Our findings are consistent with previous studies in healthy subjects (4) and in subjects with heart failure (11, 18), diabetes (20), and hypertension (13), which demonstrated enhanced endothelium-dependent dilator function, without improvement in endothelium-independent dilator function, after a period of exercise training. They are also consistent with those of Hambrecht et al. (12), who showed that 4 wk of 10-min daily cycle training performed six times per day improved coronary endothelium-mediated dilator function, but not endothelium-independent dilation, in patients with CAD. The conclusions of Gokce et al.(9) are at minor variance with ours. These authors studied the effect of a 10-wk period of treadmill or stationary bicycle exercise in CAD patients having similar demographics to our group, but they compared the results with a CAD nonexercise group. FMD increased significantly in the posterior tibial artery, by a mean of 2.0%, whereas the 1.9% increase in the brachial artery did not reach significance. The initial FMD in our subjects was substantially lower, consistent with greater depression of endothelial function, and the improvement was larger but the apparent differences may also be methodological. As mentioned above, we consider the evidence supports a systemic vascular effect of exercise to be substantial.
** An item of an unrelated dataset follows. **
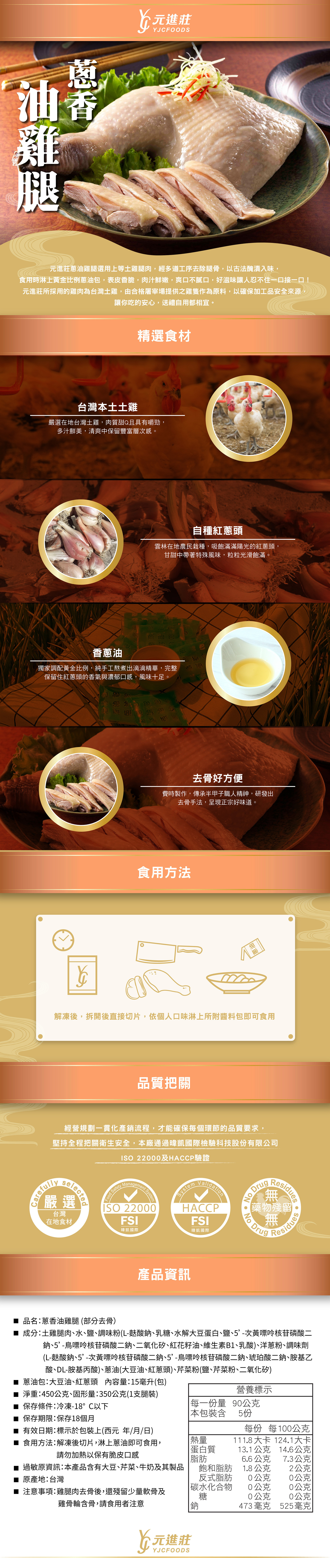 榮獲比利時iTi、清真、銀髮友善等認證 多道工序除腿骨 使用雲林在地紅蔥頭煉製蔥油,皮脆肉Q 清爽不油膩,香氣誘人。

We did not submit the normal, control subjects, used for baseline comparative purposes, to an exercise program because of the previous observations in such subjects (4). Compared with the healthy subjects, endothelium-independent dilator function, assessed by the response to GTN administration, was impaired in the CAD patients before training. This is consistent with previous observations that subjects with early vascular disease tend to exhibit endothelial but not vascular smooth muscle dysfunction (3, 6, 33, 35), whereas those with more advanced vascular disease may manifest abnormality in both endothelial and smooth muscle function (8, 11, 37). The lack of improvement in smooth muscle function after 8 wk of training in CAD patients is also consistent with previous observations (11, 12, 20) and with our finding that RHBF10, an index of vascular structure (27), was unaltered by training. These observations support the concept that, whereas enhanced endothelium-mediated vasodilation can result from short-term training and serve to buffer shear stress during early exercise periods, longer term training may be necessary to stimulate changes in the vessel wall and, hence, improvement in endothelium-independent function or vessel structure (22). At the same time, in this and other studies, the apparent lack of improvement in this aspect of vascular function could depend on the assessment technique. That is, the dose of GTN conventionally administered may have interrogated the upper end of the dose-response curve, and construction of a dose-response relationship could be more revealing.
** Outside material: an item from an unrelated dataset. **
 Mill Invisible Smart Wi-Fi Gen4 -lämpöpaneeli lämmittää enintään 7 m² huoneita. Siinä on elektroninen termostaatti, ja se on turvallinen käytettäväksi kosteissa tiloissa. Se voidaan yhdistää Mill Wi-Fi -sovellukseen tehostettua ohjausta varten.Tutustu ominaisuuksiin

The order of training did not affect the vascular response in the present study, and there was no difference in untrained data between those who trained first or second. These findings are consistent with previous crossover design studies that suggest that vascular function follows a similar conditioning-deconditioning time course to that of other exercise-induced physiological adaptations (20, 21) and that some, as yet undetermined, level of ongoing exercise may be necessary to maintain training-induced vascular function gains.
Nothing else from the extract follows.